Ozan Ceyhun çalışmaları yönetmek için bir komite kurulmasını ve o komitenin ertesi gün vakit kaybetmeden büyükelçilik binasına gelmelerini ve büyükelçilik binasında çalışmalara başlamalarını istedi. Kısa sürede 11 kişi bu komitede çalışmaya hazır olduklarını belirttiler. Bu kadar kısa sürede organize olmak toplantıdan ayrılan herkesi sevindirdi. Ancak yürekler buruktu. Büyükelçi Ozan Ceyhun böylesi bir çalışmayı ilk defa hayata geçirmiyordu. Daha önce de kardeş ülke Pakistan’ın yaşamış olduğu doğal afet sonrası Avusturya Türk İslam Birliği (ATİB) binasına yine gazetecileri davet etmişti. ATİB’de bir bağış çalışması organize edilmişti.
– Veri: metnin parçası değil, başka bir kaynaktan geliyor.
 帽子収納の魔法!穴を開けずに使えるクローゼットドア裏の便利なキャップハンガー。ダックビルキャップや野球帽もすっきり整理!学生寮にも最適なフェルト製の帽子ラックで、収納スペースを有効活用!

ATİB binasında Pakistanlı dostlarımız için bir gün içinde yüklü bağış toplandı.  Bir günde 70 bin avro para toplanmıştı ve o para daha sonra yine ATİB binasında Ozan Ceyhun tarafından Pakistan Viyana Büyükelçisine teslim edildi. İki dost ülkenin Viyana büyükelçileri basına mutlu görüntüler verdiler.
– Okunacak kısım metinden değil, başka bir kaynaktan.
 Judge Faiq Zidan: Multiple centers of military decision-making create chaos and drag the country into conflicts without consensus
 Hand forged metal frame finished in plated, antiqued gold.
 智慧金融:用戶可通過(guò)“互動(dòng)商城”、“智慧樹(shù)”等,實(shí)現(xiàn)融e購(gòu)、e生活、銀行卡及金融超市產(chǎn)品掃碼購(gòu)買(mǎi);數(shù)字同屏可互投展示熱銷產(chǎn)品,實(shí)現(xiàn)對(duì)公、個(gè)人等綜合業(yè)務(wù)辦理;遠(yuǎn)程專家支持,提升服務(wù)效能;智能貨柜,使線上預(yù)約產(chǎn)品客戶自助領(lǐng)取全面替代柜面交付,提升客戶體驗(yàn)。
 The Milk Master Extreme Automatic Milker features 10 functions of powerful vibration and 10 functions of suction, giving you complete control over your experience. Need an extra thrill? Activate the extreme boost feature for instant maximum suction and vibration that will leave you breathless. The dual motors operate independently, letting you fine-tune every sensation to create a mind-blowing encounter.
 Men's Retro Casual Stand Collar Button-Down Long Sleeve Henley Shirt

Depremde arama ve kurtarma ülkelerin yardım katkılarına dair haberler arasında gazetemizde küçük bir haber dikkatimi çekti. Haberde “Pakistan’da bakanlar ve memurlar maaşlarını Türkiye’ye bağışlayacak” deniliyordu. Haberin devamında “Pakistan’daki medya kaynaklarına göre, memurlar bir günlük maaşlarını Türkiye’deki depremler için özel olarak kurulan bir yardım fonuna bağışlayacak” bilgisi vardı.  Haberin devamında  “Fonun kuruluşu, tüm Pakistanlıları fona aktif olarak bağış yapmaya çağıran bir bildiri yayınlayan Başbakan (PM) Shahbaz Sharif tarafından duyuruldu” bilgisi öne çıkıyordu. “Dayanışma ve destek gösterisi olarak da Federal Kabine, Kahramanmaraş merkezli yıkıcı depremlerin kurbanlarına bir aylık maaşlarını bağışlayarak, yardım etme konusunda oybirliğiyle karar aldıklarını” 8 Şubat günü gazetemizin internet sayfasından okuyucuya iletilmekteydi.
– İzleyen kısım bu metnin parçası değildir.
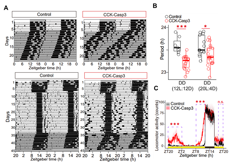 (A)不同光周期下损毁CCK神经元小鼠的转轮节律行为。(B)损毁CCK神经元导致小鼠节律周期缩短。(C)长日照下,损毁CCK神经元导致小鼠节律活动的始动点提前和结束点滞后。
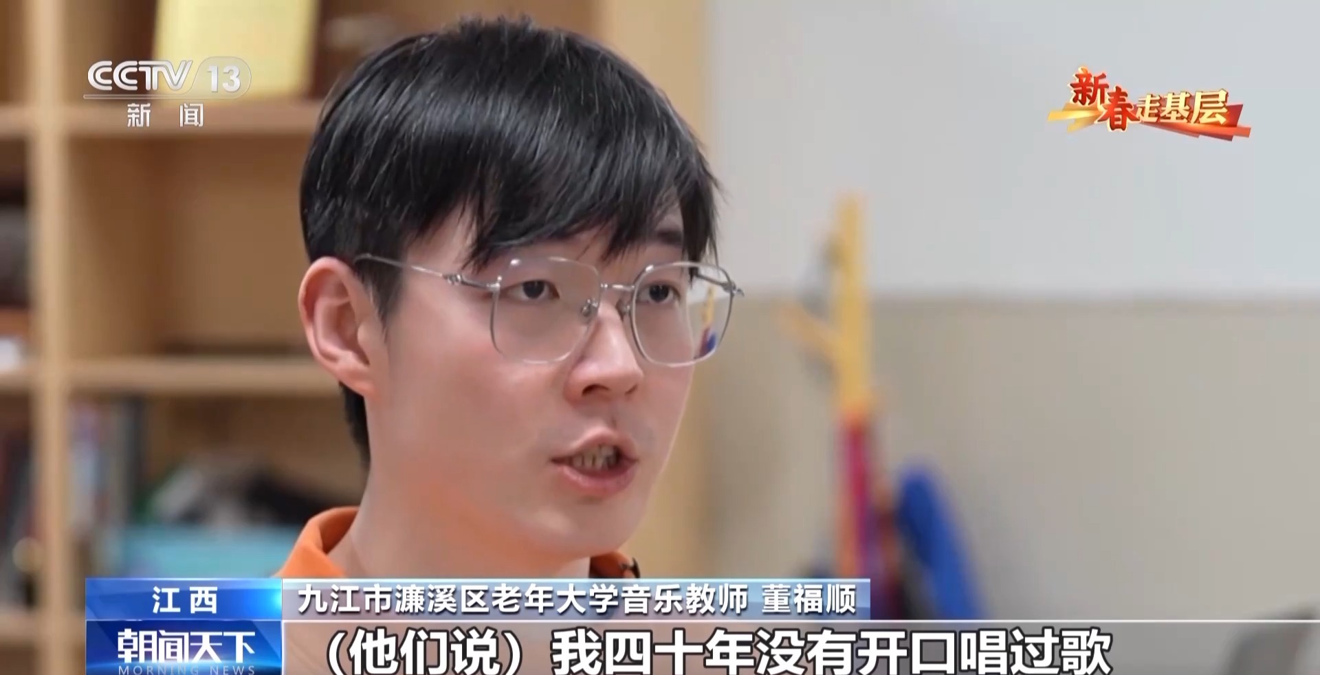 九江市濂溪區(qū)老年大學音樂教師 董福順:我去了之后,他們說我四十年沒有開口唱過歌,已經(jīng)很久很久,他們說都快忘了這首歌的歌詞了,你過來了,讓我想起了它。所以我覺得我又一次被認可了,我也覺得是他們在給我一點能量,當看著他們唱回憶起的這些歌曲的時候,他們坐直了,開始朝我揮手去唱,我覺得這件事做對了。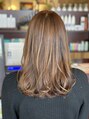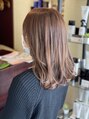 胸上のセミロングのローレイヤースタイルにルーセントセピアとルーセントロゼのミックスカラーを★表面に入れたハイライトが動きと立体感をプラス★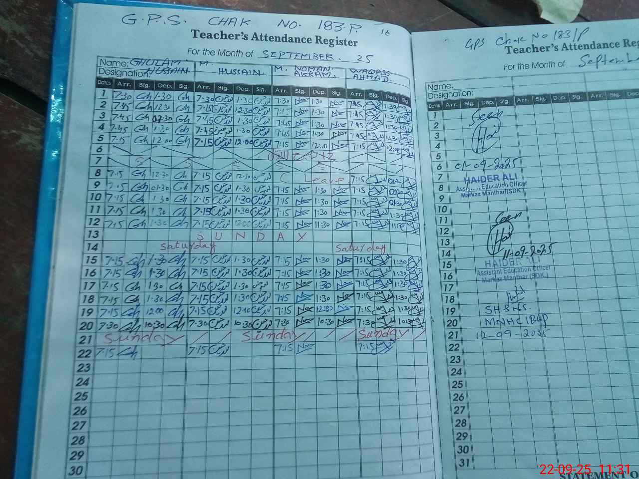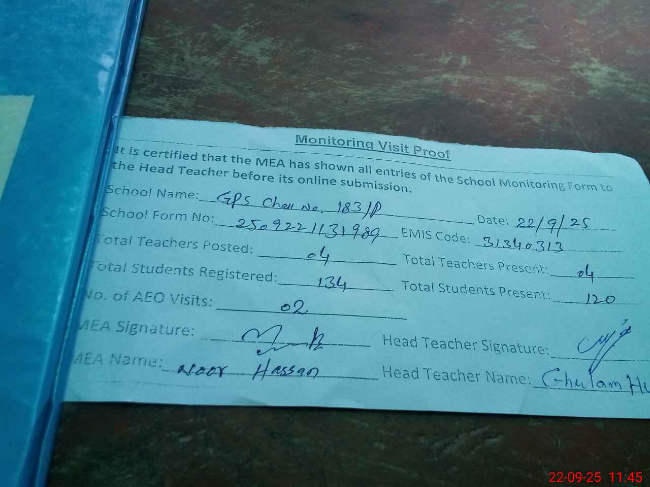 | Attendance Register | Head Teacher | MEA with School | Visit Proof |

Bu güzel haberi okuduğumda ATİB’in bir gün içinde Pakistan’a topladığı yardımı hatırladım. Hatırladım da bazıların küçümsediği ve hor gördüğü gurbetçi kardeşlerimizin ne kadar büyük ve değerli bir iş yaptıklarını düşündüm. Büyükelçi Ozan Ceyhun’un da harekete geçirdiği Avusturya’daki gurbetçi Türkler  deprem bölgesine tırlar dolusu gereksinim duyulan malzeme gönderdiler. Henüz miktarını bilmediğimiz maddi destek de ayrıca Avusturya Türk gurbetçileri tarafından havale ettiler. Gurbetçilerin bu davranışı milletvekili ve siyasi partilerin aldıkları devlet yardımını depremzedelere vermeye örnek olur mu acaba diye soralım. Siyasilerin depremzedelere yardımı sadece deprem bölgesinde boy göstermek ve gerekli gereksiz açıklamada bulunmak değildir. Devletten aldığınız parti yardımlarını depremzedelere verirseniz, biraz da olsa samimiyetinize inanırız. Bakalım Pakistanlı bakan, milletvekili ve memurlar kadar olabilecek misiniz?